Could you repeat the entries below exactly, but only from the line with "CARPETA LIDERPAPEL ESCAPARATE" through the line with "En el marco", and without any picture?

Collected data entries:
···

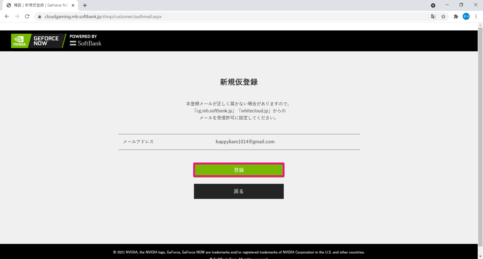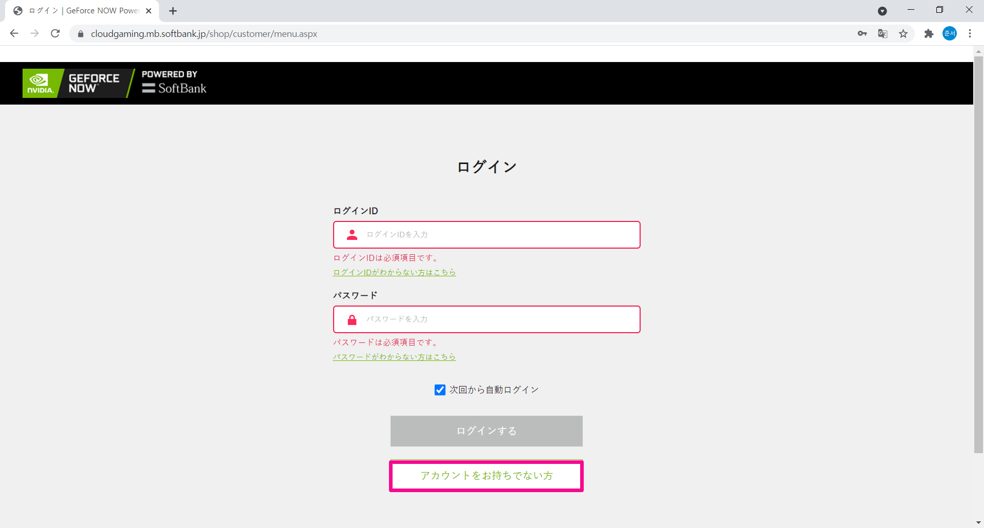 https://cloudgaming.mb.softbank.jp/에 접속해서 초록색 상자를 클릭해줍니다.
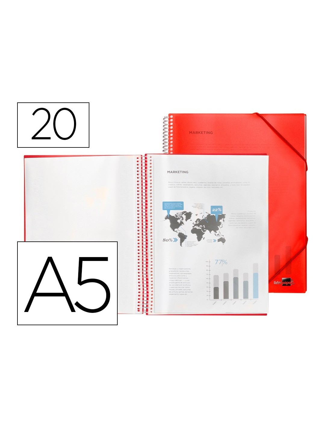CARPETA LIDERPAPEL ESCAPARATE CON ESPIRAL 20 FUNDAS POLIPROPILENO DIN A5 ROJA
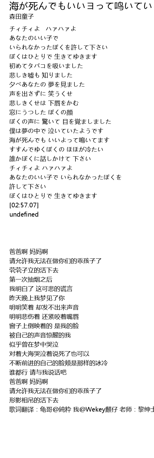 | [01:54.56] | 海が死んでも いいよって鳴いてます |
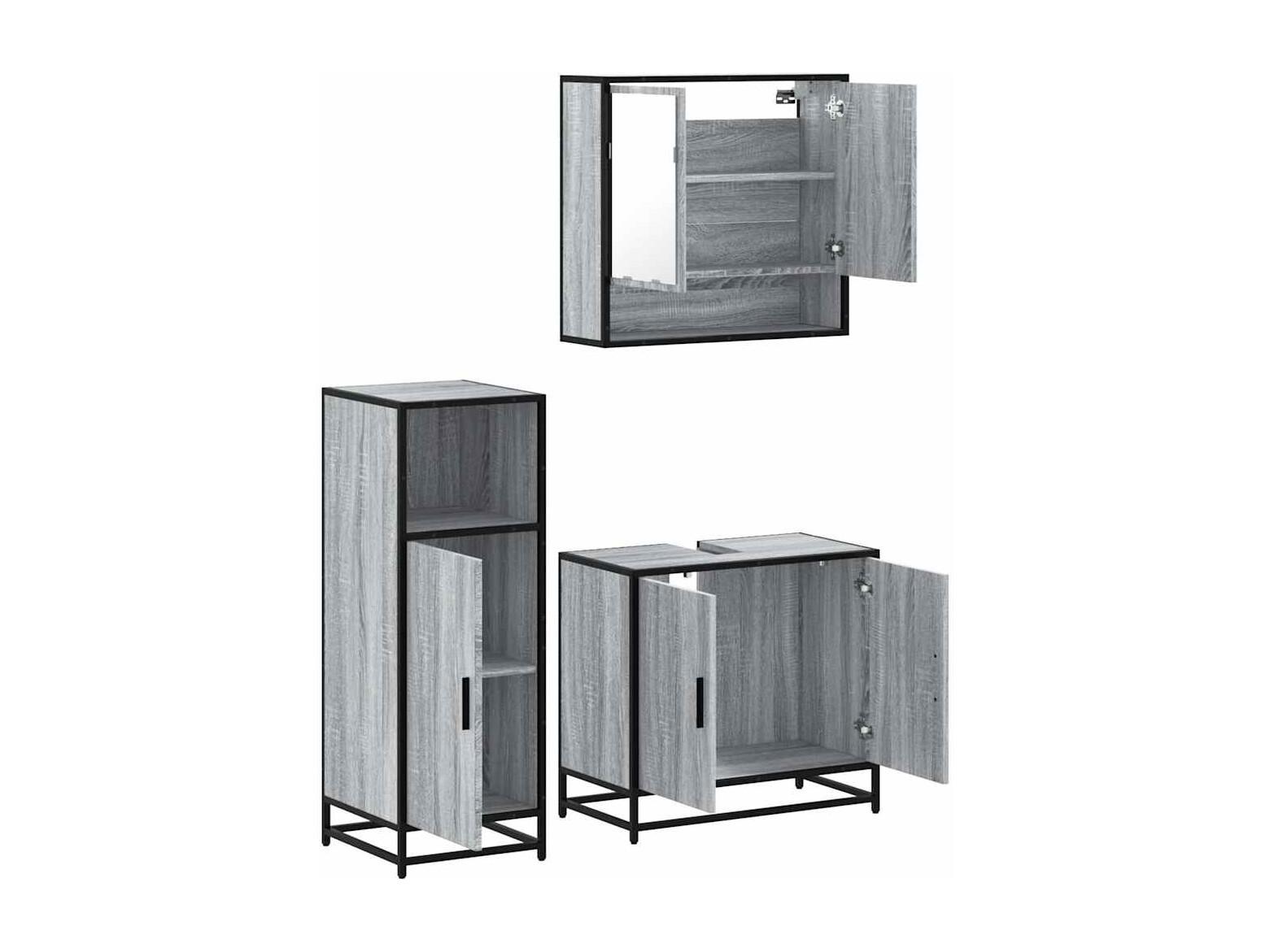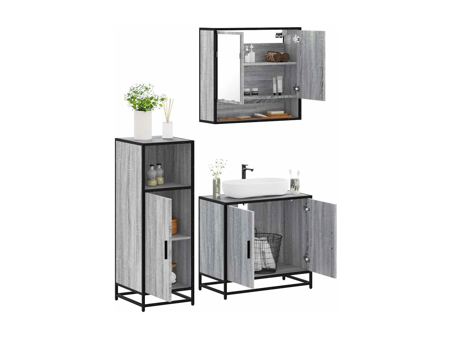 Ensemble de meubles de salle de bain 3 pcs Sonoma gris
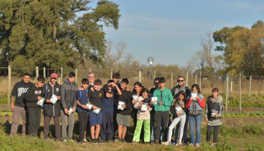 En el marco de las actividades de integración y aprendizaje del programa Envión, un grupo de alumnos visitó la Huerta Municipal de Leandro N. Alem, donde fueron recibidos por el Subsecretario de Producción, Ambiente y Economía Social, Alejandro Loeda, y por Juan Cruz Díaz, encargado de la huerta.
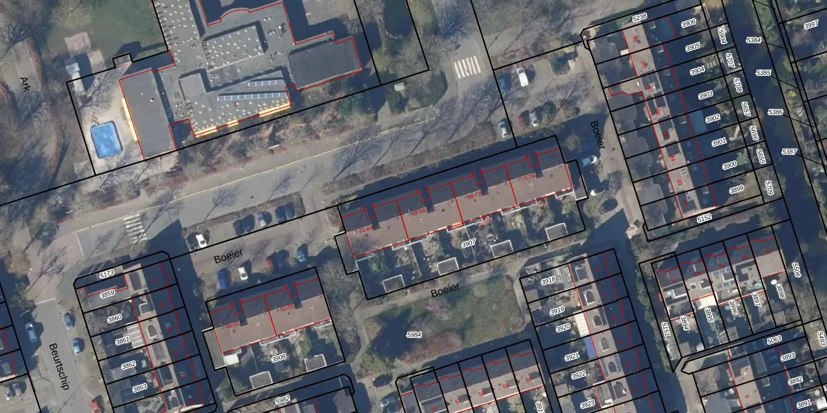 Het perceel waarop Boeier 65 staat heeft een oppervlakte van 1387 m². Dit is een zeer groot perceel. De perceeloppervlakte wordt geregistreerd door het Kadaster. Gedetailleerde informatie over de maten van dit perceel kunt u vinden in het rapport Kadastrale kaart met maatvoering van Boeier 65.
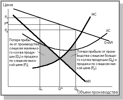 Как мы можем проверить, что Q* - объем производства, максимизирующий прибыль? Предположим, монополист производит меньшее количество продукции - Q1 и соответственно получает более высокую цену Р1. Как показывает рис.1, в таком случае предельный доход монополиста превышает предельные издержки, и если бы он производил большее количество продукции, чем Q1, он получил бы добавочную прибыль (МR - МС), т.е. увеличил бы свою совокупную прибыль. Фактически монополист может увеличивать объем производства, повышая свою совокупную прибыль вплоть до объема производства Q*, при котором дополнительная прибыль, получаемая от выпуска еще одной единицы продукции, равна нулю. Поэтому меньшее количество продукции Q1 не максимизирует прибыль, хотя и позволяет монополисту установить более высокую цену. При объеме производства Q1 вместо Q* совокупная прибыль монополиста будет меньше на величину, равную заштрихованной площади между кривой МR и кривой МС, между Q1 и Q*.
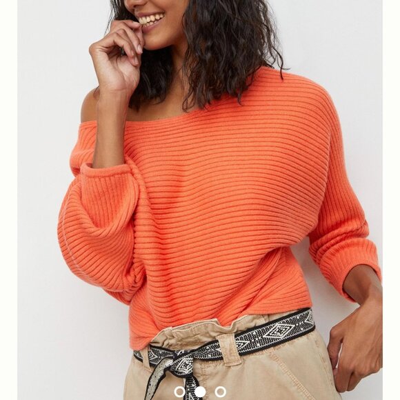 Anthropologie Kendall Cropped Ribbed Knit Orange Coral Sweater Small

···

Answer space:
CARPETA LIDERPAPEL ESCAPARATE CON ESPIRAL 20 FUNDAS POLIPROPILENO DIN A5 ROJA
 | [01:54.56] | 海が死んでも いいよって鳴いてます |
 Ensemble de meubles de salle de bain 3 pcs Sonoma gris
 En el marco de las actividades de integración y aprendizaje del programa Envión, un grupo de alumnos visitó la Huerta Municipal de Leandro N. Alem, donde fueron recibidos por el Subsecretario de Producción, Ambiente y Economía Social, Alejandro Loeda, y por Juan Cruz Díaz, encargado de la huerta.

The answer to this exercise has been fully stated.